>>6
As I already said, you should just stop doing it. I'm not saying it would be very easy, but it won't be particularly hard.
I think your problem is a combination of the two:
1. A bad habit.
2. Thinking about other things while reading.
To fix #2 you don't have to do anything special, just manually block other unrelated thought. Try it out right now: stop all thinking and listen to silence in your head without reflecting upon anything. Thoughts will occure spontaneously, and you can't do anything about it, but you can elect to not prolong them and let them pass by, which is a trivial to do.

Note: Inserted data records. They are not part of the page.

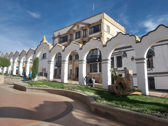 Adorei a praça central com os arcos brancos.
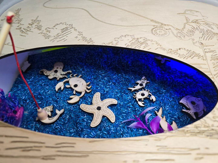 اصطاد المرح والمعرفة مع لعبة صيد الأسماك الحسية الخشبية!
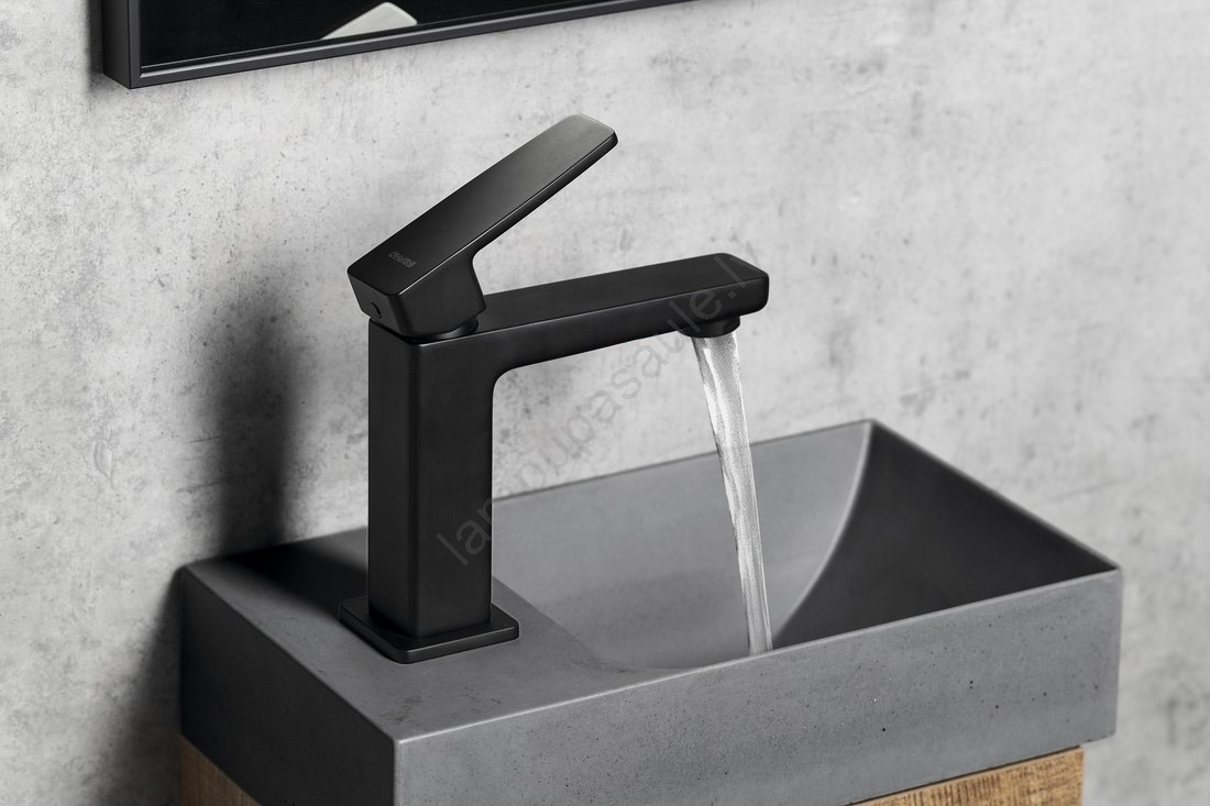 • Šis melnā matētā krāsā izlietnes jaucējkrāns piešķir mūsdienīgu izskatu.
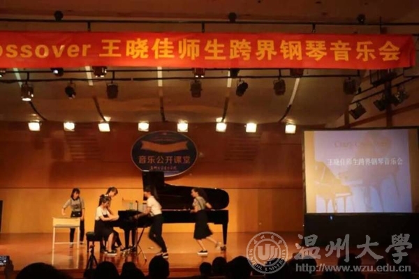 2015年5月27日晚18点30分,“走进天瑞音乐厅”音乐公开课堂第七讲“跨界音乐”暨王晓佳师生跨界钢琴音乐会华丽登场。 本场音乐会融合古典、爵士、流行等多种艺术元素,并将以四手联弹、六手联弹、八手联弹、6人十二手、钢琴与电声、钢琴与舞蹈等不同形式带给听众一场视听盛宴。本场讲演音乐会由毒舌电影
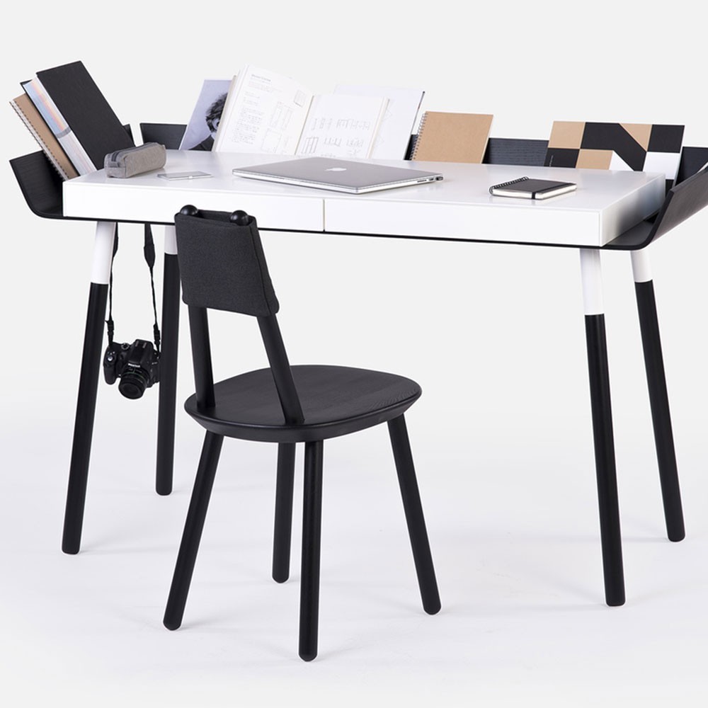 La chaise Naïve noir a été conçue par EMKO. Son design est simple, presque enfantin, mais la promesse est bien présente. Cette chaise, d'une précision parfaite, a été pensée pour offrir une excellente ergonomie dans une position assise très confortable, notamment grâce au dossier en mousse. L'essayer, c'est l'adopter !
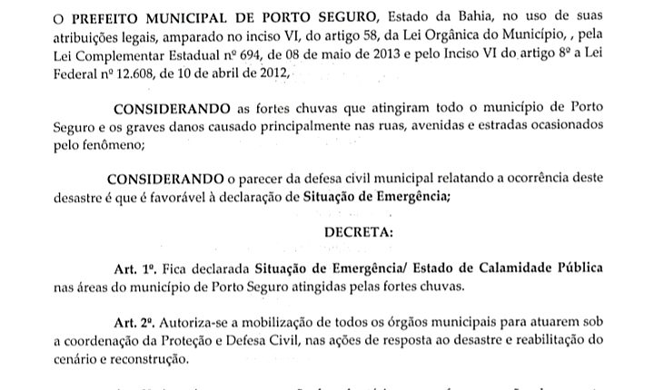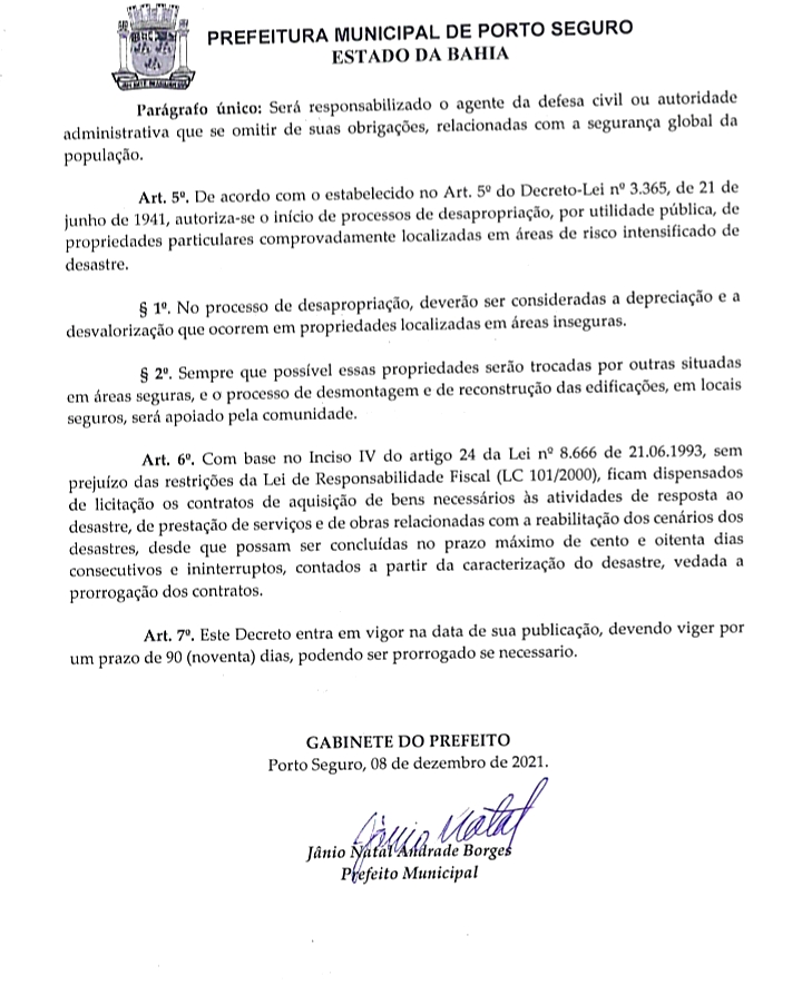 A prefeitura municipal de Porto Seguro editou nesta quarta-feira, (08/12), decreto nº 13.428/21 declarando Situação de Emergência devido às fortes chuvas que assolaram a cidade e deixaram vários bairros e localidades em estado de calamidade.
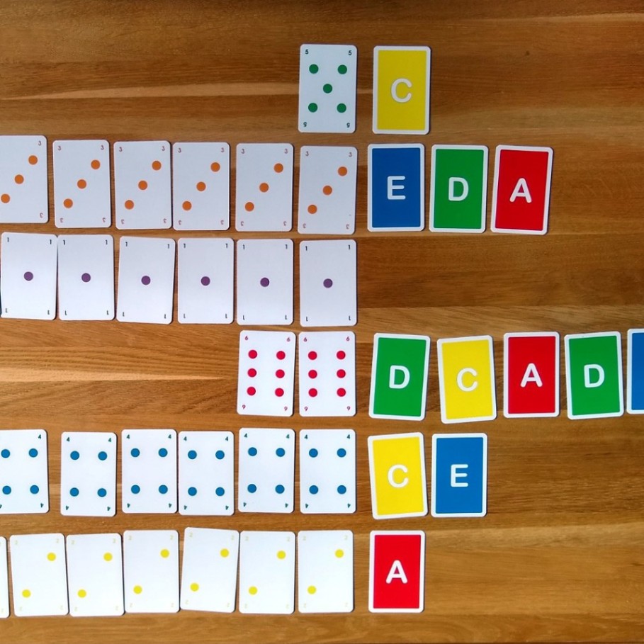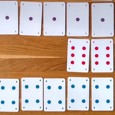 手番になったら手札からカードを出していき、同じ色のカードが一列に並べます。
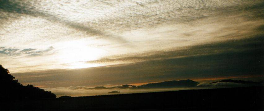 with Sausolito, towards San Francisco in the fog. Note the forested suburbian area. |
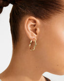 The LARKIN earrings by Pilgrim feature a wavy,freeform silhouette - a fresh take on the classic hoops. The gold-plated or silver-plated wavy hoops have a minimalist yet impactful design that beautifully catches the light and creates a playful, stylish expression. The easy-to-use snap lock ensures a comfy fit – a go-to piece that's perfect for both everyday looks and special moments. Style them with a flowy shirt and loose waves for a dreamy, boho-inspired feel, or let them shine solo with sleek, minimalist styling. Made from 99% recycled materials – fashion with care!
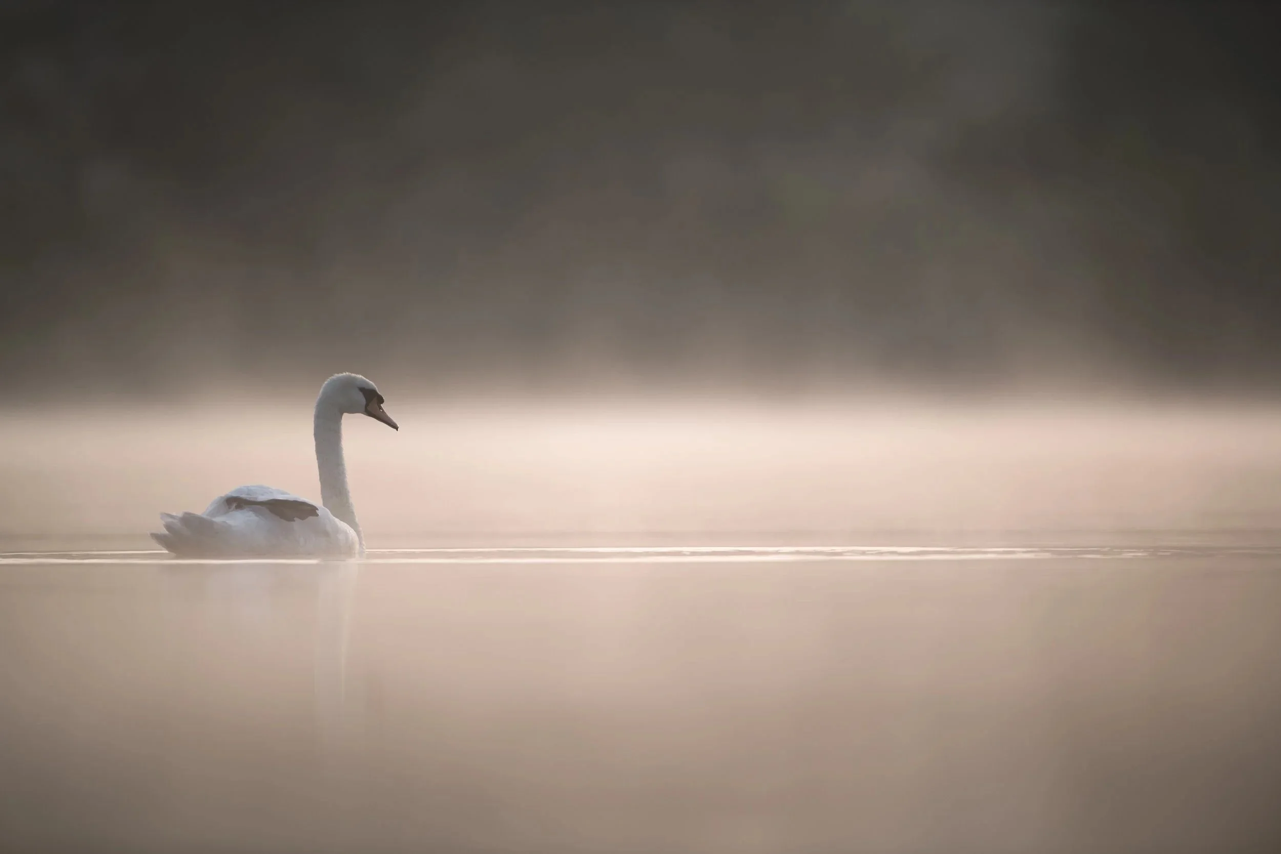 The lingering mist clings to the waters’ surface, framing this mute swan along the meadow.
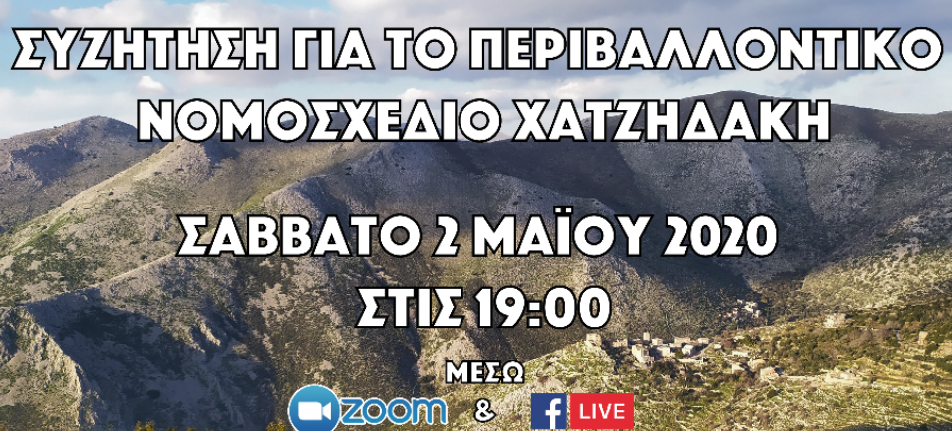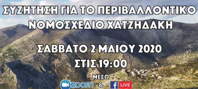 To Σάββατο 2 Μαΐου 2020 στις 19:00 διοργανώνεται διαδικτυακή συζήτηση για το περιβαλλοντικό νομοσχέδιο Χατζηδάκη από την περιβαλλοντική πρωτοβουλία «Κοινά Υπό Κατοίκηση», την περιβαλλοντική οργάνωση «Καλλιστώ», την «Ελληνική Ορνιθολογική Εταιρεία», την «Ελληνική Εταιρία Προστασίας της Φύσης» και την περιβαλλοντική εταιρεία «Μάμα Γη».
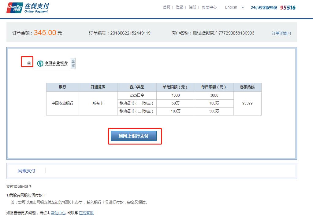 选择“中国农业银行”,再点击“到网上银行支付”。
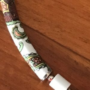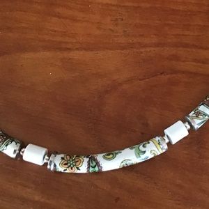 Great vintage necklace offering tubular beads with green, orange, yellow and brown design.

You sit down and listen to nothing, and when you think, "there's 4chan in my browser," you don't start thinking whether you should refresh the page or click a board, you just let it all go. "I wonder if there's something funny going on /v/," you think, and let it pass. "I wonder what time it is," but don't look at the clock and don't bother thinking why you should or shouldn't look at the clock at all. Let it pass. THAT'S exactly how a reader's head more or less looks like while he's reading a book, concerning everything except the material in the book itself. If you're going to read normally, you simply have all other thoughts on stand-by. This is easier than it sounds, it's just that talking about simplest stuff is always the hardest. You can't count and recite a poem at the same time, you can't read while you're thinking about what happened earlier today and what cool things to do in next weekend.
#1, like all bad habits, is harder to fix. You just have to stop yourself manually whenever you can, until it disappears. Don't let yourself re-read sentences at all, even if you completely forget what you just read. Punish yourself with ignorance every time you try to forget and re-read something, and your habit will vaporize soon, maybe after a few days or a week's time max.